Afhankelijk van de reactie van de Burundese regering op de besluiten van de Raad voor Vrede en Veiligheid van de AU, en van de toekomstige ontwikkelingen, is de EU bereid deze procedures te initiëren, ook op het gebied van samenwerking, om ervoor te zorgen dat Burundi deze verplichtingen nakomt.

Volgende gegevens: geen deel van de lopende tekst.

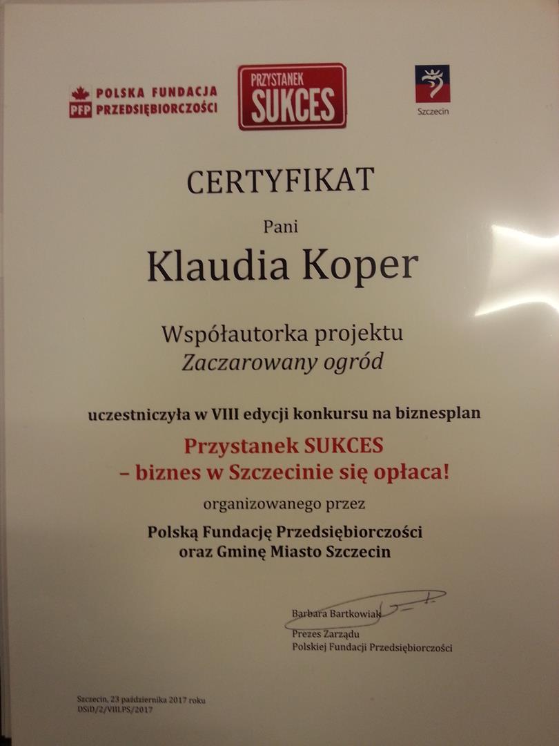 Grupa uczniów z klasy II TK, pod opieką p. Joanny Sylwestrzak, opracowała biznesplan pt. „ZACZAROWANY OGRÓD”. Ideą tego pomysłu było założenie miejsca przyjaznego osobom starszym z funkcjonalnym ogrodem hortiterapeutycznym z siedzibą w Szczecinie. Pomysł spodobał się Kapitule Konkursowej, w składzie której znaleźli się eksperci z Polskiej Fundacji Przedsiębiorczości, przedstawiciel Urzędu Miasta Szczecin oraz ekspert Banku Zachodniego WBK. Biznesplan naszych uczniów został wyróżniony w kategorii do lat 18, jako jeden z siedmiu finałowych, wśród 50 złożonych.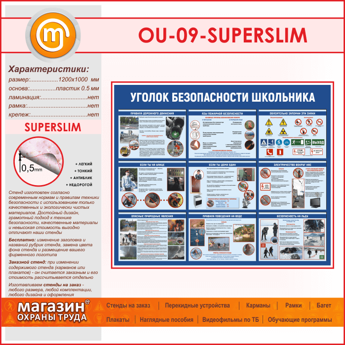 Стенд «Уголок безопасности школьника» (OU-09-SUPERSLIM) в Краснодаре купить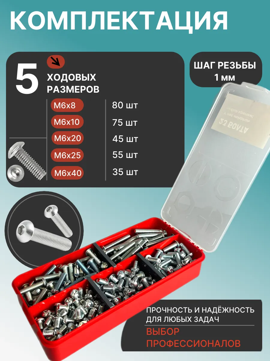 Винты с шестигранником М6 ОЦ 7380 к.п.10.9 органайзер НАБОР1
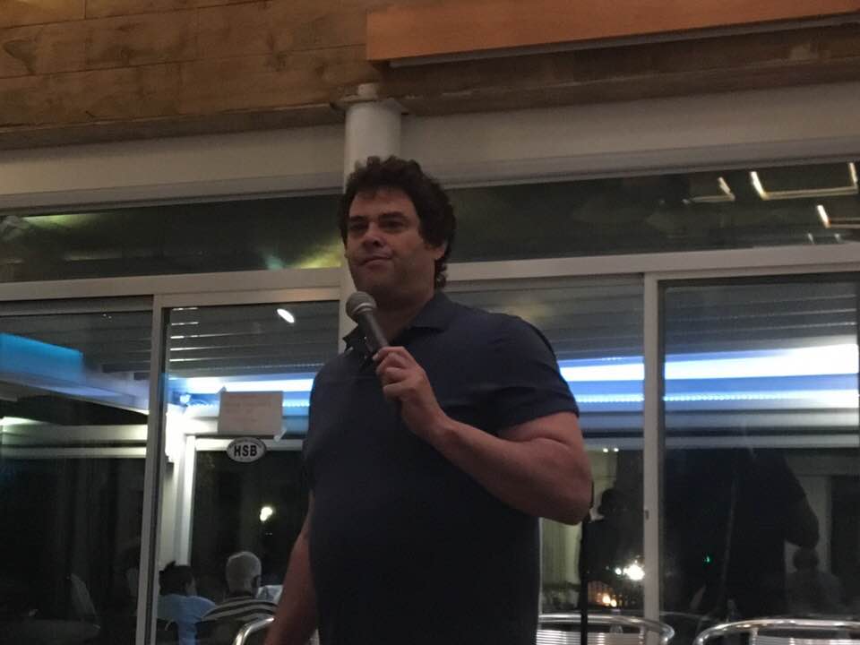The first show, which debuted at the Hellenic Snack Bar & Restaurant in East Marion, featured Byrne and a diverse mix of four well-known comedians —Angelo Lozada, Mike Britt, Rhonda Hansome and Mark DeMayo — representing all sides of the heated racial debate and opening up about their own lives and experiences.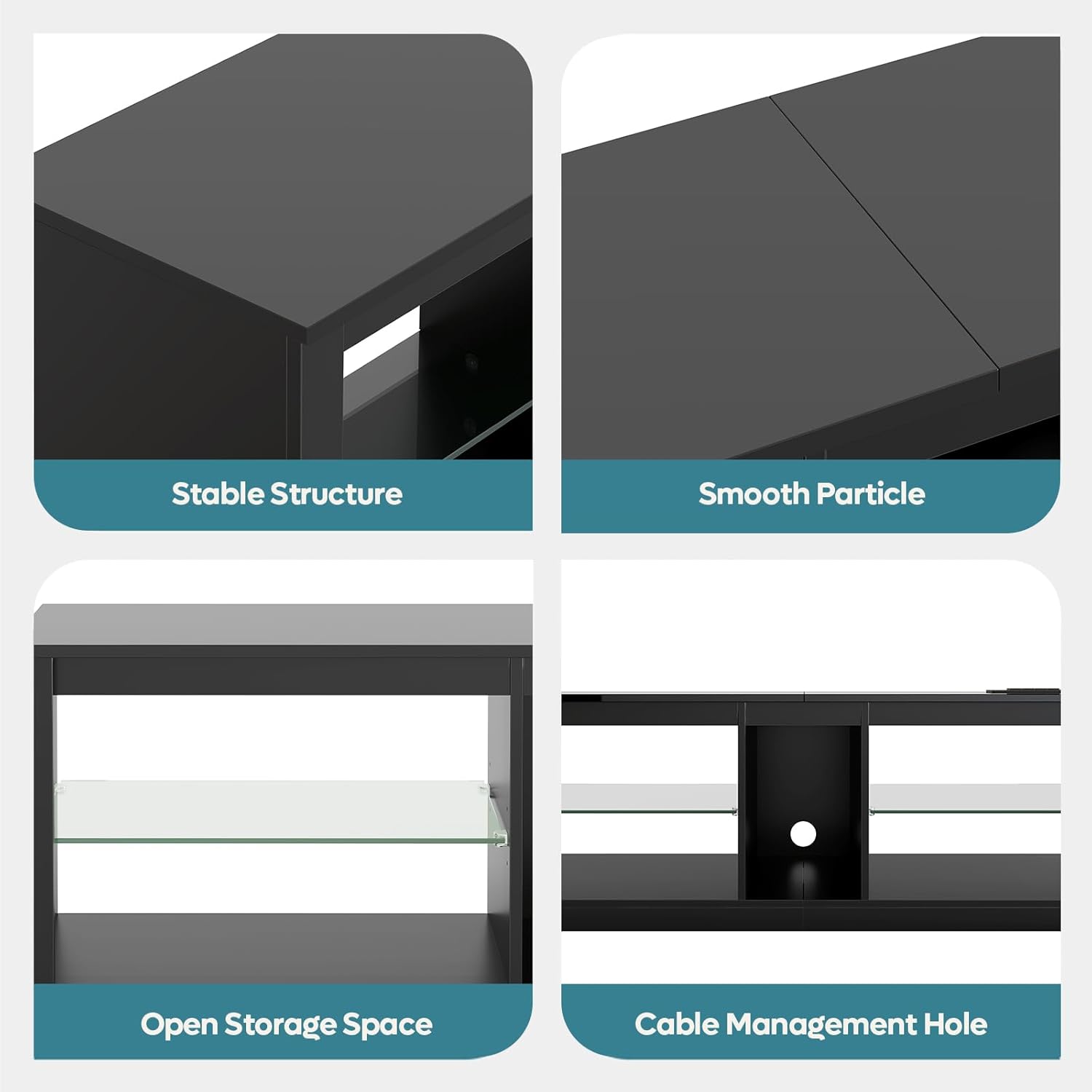 Specification: Bestier LED TV Stand for 55/60/65 Inch TV, High Gloss Gaming TV Stand with Power Outlet, Black Entertainment Center with Storage for Living Room, Bedroom, 55 Inch TV Console with Adjustable Shelves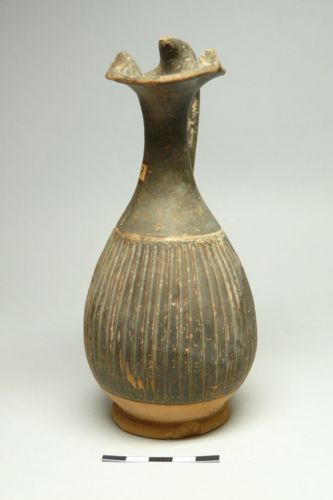 orlo trilobato con doppia solcatura vicino al margine interno, lungo collo cilindrico, corpo ovoide, basso piede ad anello con base d'appoggio piana; ansa a bastoncello a sezione circolare con appendice conica all'attacco dell'orlo; impostata inferiormente sopra la massima espansione. Corpo decorato a baccellature; tracce della decorazione dipinta al di sopra delle baccellature e all'attacco inferiore dell'ansa, dove rimane una serie di petali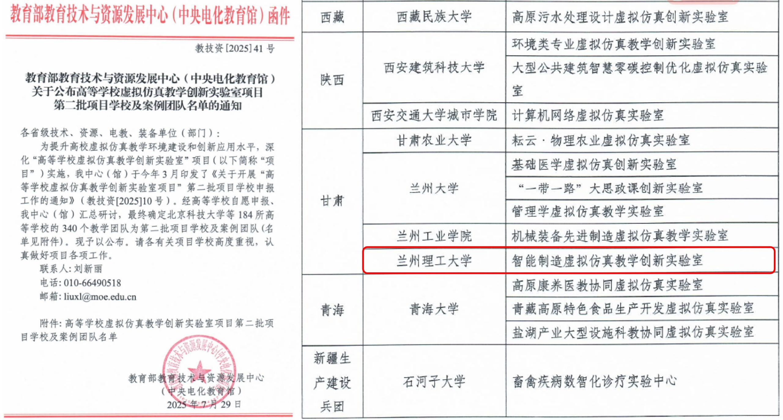 7月29日,教育部教育技術與資源發展中心(中央電化教育館)公布了高等學校虛擬仿真教學創新實驗室項目第二批名單。經嚴格遴選,全國共有184所高校的340個教學團隊成功入選,蘭州理工大學申報的“智能制造虛擬仿真教學創新實驗室”項目位列其中。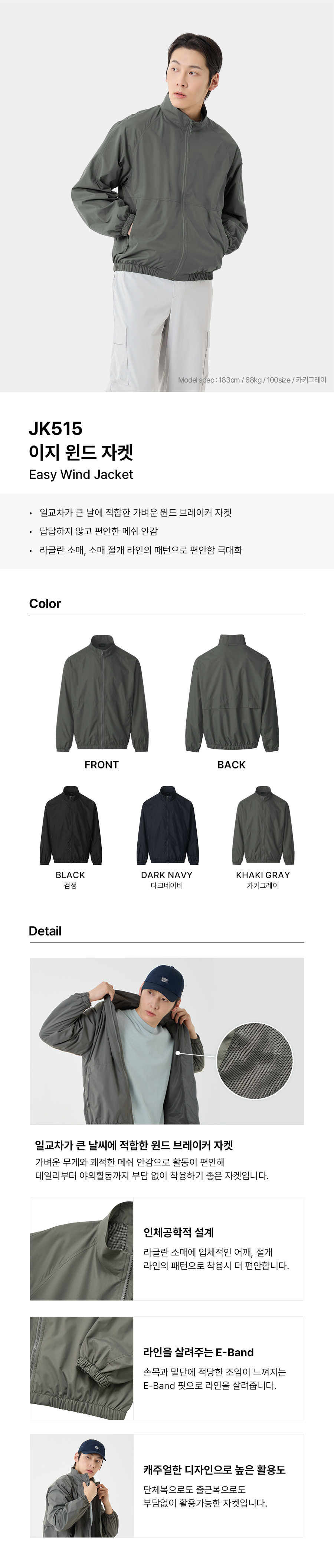 (S~4XL) 메쉬 안감으로 통기성이 졸고 일교차가 큰날에 입기좋은 데일리 윈드 자켓입니다.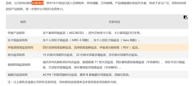 除了已上市且拥有超50%市场份额的ACYW135群脑膜炎球菌多糖疫苗和A群C群脑膜炎球菌多糖结合疫苗,以及2020年批签发数量爆发的Hib结合疫苗,智飞生物在2022年半年报中披露,在研项目共28项,其中15个项目已进入注册程序,覆盖预防结核病、肺炎、脑膜炎、流感、狂犬病等传染病的人用疫苗、生物制品项目。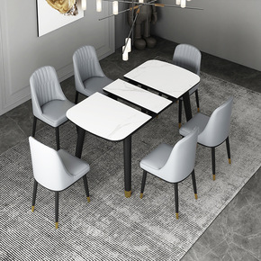 厂发轻奢岩板大理石餐桌椅组合可伸缩折叠现代简约家用...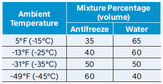 Проверьте защиту от замерзания и уровень охлаждающей жидкости не реже одного раза в год, перед зимний сезон или перед поездкой в более холодный климат.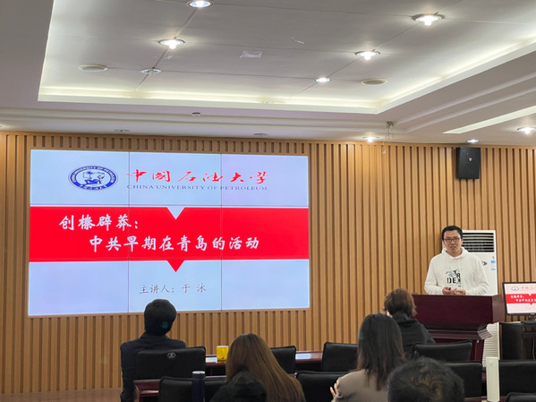 于泳老师从马克思主义在青岛的传播与中国共产党党组织的诞生切入,围绕中共早期在青岛的革命活动展开,从马克思主义思想在青岛的传播,到核心人物的革命活动,并最终为青岛解放创造了条件。通过对王尽美、邓恩铭、杨明斋等中共早期在青岛的革命人物事迹的讲述,还原了当时传播马克思主义的艰难历程。本次学习活动结合青岛当地革命历史来展开,让党员同志们更深入地了解了青岛的历史文化,深刻领会了党领导人民革命的艰辛与不易,以及革命同志为了信仰勇于献身的大无畏精神。各位教师党员及青年学生党员纷纷表示,要走好前行之路就不能忘记来时之路,勇于奉献担当才是新时代党员的本色。

De EU benadrukt dat de verplichtingen van de Overeenkomst van Cotonou ook van toepassing zijn op alle staten die partij zijn bij de overeenkomst.

  • 7. 
    De EU spreekt tevens haar ernstige bezorgdheid uit over de onophoudelijke vluchtelingenstroom naar de buurlanden. Zij bevestigt haar steun aan de humanitaire organisaties in de regio, die tegemoetkomen aan de onmiddellijke behoeften van de vluchtelingen. Zij prijst de autoriteiten van de ontvangende landen voor hun politiek van openheid en opvang ten aanzien van de bevolkingsgroepen die buiten hun grenzen een onderkomen zoeken.